French artist (born 1955)

Jean-Luc Moulène (born 1955) is a French contemporary artist based in Paris, France. Spanning a wide variety of media, such as photography, drawings, and sculptures, Moulène's practice examines the relationship between systems and orders. Moulène has stated that he subscribes to the notion of a 'disjunction,' whereby he follows a principle of discrepancies as a way to "find new dialectical knowledge." His interests include the "symbolic position of the author" and authorship; processes of production, repetition, and accumulation; labor and social space; and the intersection of advanced technology and contemporary material culture, among others. Moulène identifies himself as a "technicien libertaire" (life itself as a technique), who transforms "the process of perception as an aesthetic end in itself to one that incorporates everyday life" in his work.

== Early life and career ==
Moulène began studying art in 1972 at the Académie des Beaux-Arts in Versaille, where he became friends with the artist Michel Journiac. Journiac introduced Moulène to artists in the Art Corporel movement, such as Gina Pane and Hermann Nitsch. He received his both his BA (1978) and MA (1979) at the Université Paris 1 Panthéon-Sorbonne. In 1983, Moulène began Disjonctions/ (1983–99), an early series of sixty photographs that document uneventful street scenes. Yasmil Raymond has noted that the Disjonctions "confers a lack of identity and congruity," resisting the commonality expected of a series. In 1990, Moulène participated in the exhibition De Afstand at the Witte de With Center for Contemporary Art, Rotterdam, alongside Andreas Gursky, Craigie Horsfield, Christopher Williams. This exhibition spurred Moulène's practice to diverge "in terms of his method of production" and shaped his subsequent series.

== Work ==
Moulène's work has been described as a self-reflective process of interrogation that generates variations; distresses order; and produces "certainty through negation." Moulène organizes his works into categories and subcategories, establishing an ontological distinction for himself and indicating his processes of production and the rhetoric of the images. Several philosophers, such as Reza Negarestani and Alain Badiou, have written on Moulène, particularly in relation to abstraction. Negarestani had written that "if abstraction in contemporary art is a part of that self-reflexive history that contributes to the isolation of art from other fields of thought and," "then Moulène's work should be understood as a genuine struggle against this self-inflected sequestration." Disagreeing with Negarestani, Badiou had written that there is a "difference between abstraction as practiced in the sciences and abstraction as it enters into the creation of a work of art," and Moulène's works return "to the self-evidence of an object."

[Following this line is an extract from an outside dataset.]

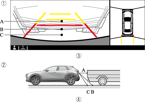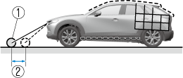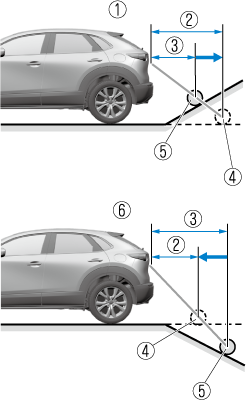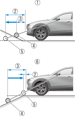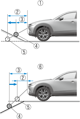 If the vehicle is on a slope, obstructions taken by the camera can appear farther or closer than the actual distance from the vehicle.

=== Major works and series ===

==== Documents/ (1989– ) ====
Documents/ is a body of work began in 1989 with a distinct first-person narrative. It contains Moulène's repeated visits to a particular site, the systematic compilation of a particular collection of objects, and the acquisition of products manufactured. Corinne Diserens has described the series as a "subversion of the habits and the reading codes" that images induce. By the late 1990s, Moulène simultaneously began work on different series and organized the images into subgroups within the broader category of Documents/. Included in this are:

- Objets de grève (39 Strike Objects) (1999–2000): this is a series of photographs documenting products made by French industrial workers on strike, and sold in the black market to help fund their cause. For instance, "Bleu Gauloises bleues" (2000) shows a Gauloises cigarette with an inscription: "Cigarettes manufactured by the workers in dispute." Furthermore, Moulène's photographs contain a disclaimer, in which he notes that they are not by Moulène but simply "made visible by him." This emphasizes the power struggles in the making of artwork and the post-production, as well as notes the artist's interest in "the social conditions in which the artist and the labourer operate in the contemporary world."
- Produits de Palestine (2004–2005): this is a series of photographs documenting products made in the occupied territories of the Gaza Strip and West Bank and branded as Palestinian. Due to the sanctions, the objects cannot circulate around the world "in the way they now circulate as photographs." Flash Art has remarked that Moulène's work "carry a strange form of tautology at the core of their very existence...While 'not producing' the objects, workers have nonetheless produced them, and so the markers of stoppage must be conveyed by other means."

==== Opus (1995– ) ====
In the mid 1990s, Moulène initiated a parallel project consisting of three-dimensional objects and termed them "Opus." In this series, Moulène explores materials—both manufactured and found, and industrial and organic. These works, including bronze, cement, tobacco, and wood, are each identified with a title as well as the city, month, and year in which they were fabricated. On Moulène's dual practice in photography and three-dimensional object, Nathalie Delbard has written that Moulène modifies "the aesthetic regime each of them belongs to in order to expose its implicit structures." The subsets within "Opus" are influenced by topology, and mathematical structures and theories, with an emphasis on protocol and transformation. Particularly important is knot theory, which Moulène considers as "tools to describe complexity."

==== Bi-Face (2016) ====
In 2016, as a part of the retrospective Jean-Luc Moulène at the Centre Pompidou, Moulène created thirty-two new works, one of which was Bi-Face (2016), a large sculpture in coated and painted hard foam. With no visible joints or cracks, and no signs of making, Bi-Face was presented on the floor. In The Burlington Magazine, Luke Naessens describes the presentation as a "minimalist literalness," which was "very much in the visitor's physical space." He further notes that the work explores the blurring of "material and the imagistic, the sexual and the mechanical, the bodily and the abstract."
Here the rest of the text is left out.